Collected data
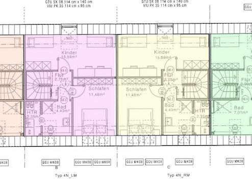 Die Wohneinheiten im Reihenhausstil verfügen über ca. 94 m2 für die Einheiten A und D sowie ca. 86m2 für die Einheiten B und C und bieten somit viel Platz für Ihren individuellen Raumbedarf.
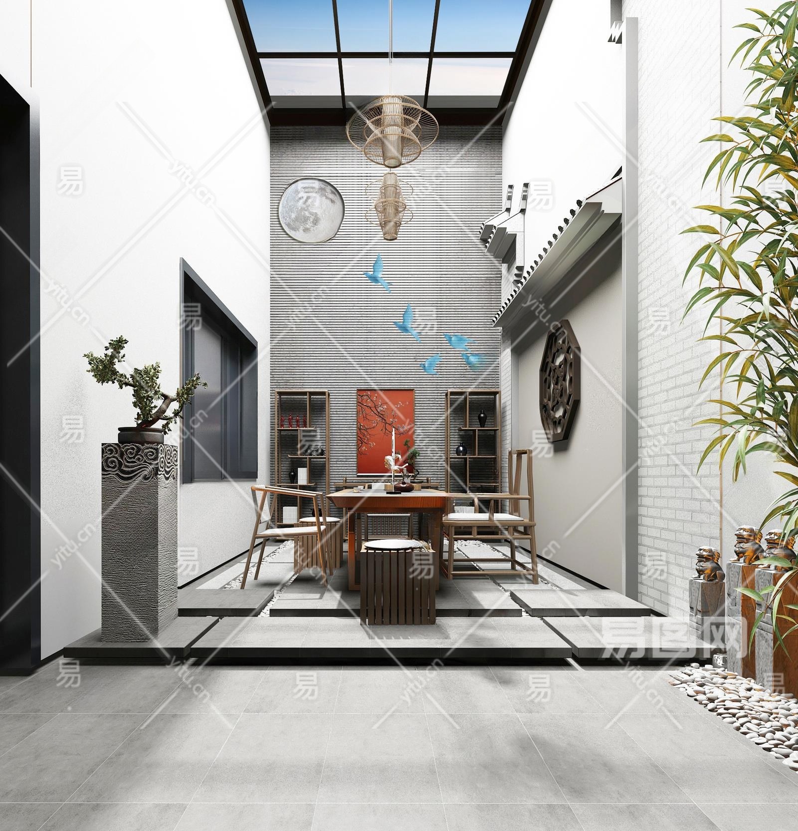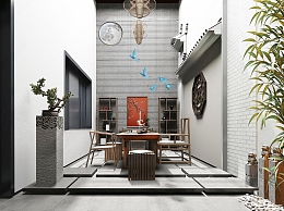 新中式别墅天井3D模型下载
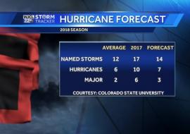 Forecasters are predicting a near-normal to slightly above normal 2018 Atlantic hurricane season, with between 12 to 15 named tropical storms.

Prompt
Transcribe the data word for word, with no images.

Solved exercise
 Die Wohneinheiten im Reihenhausstil verfügen über ca. 94 m2 für die Einheiten A und D sowie ca. 86m2 für die Einheiten B und C und bieten somit viel Platz für Ihren individuellen Raumbedarf.
 新中式别墅天井3D模型下载
 Forecasters are predicting a near-normal to slightly above normal 2018 Atlantic hurricane season, with between 12 to 15 named tropical storms.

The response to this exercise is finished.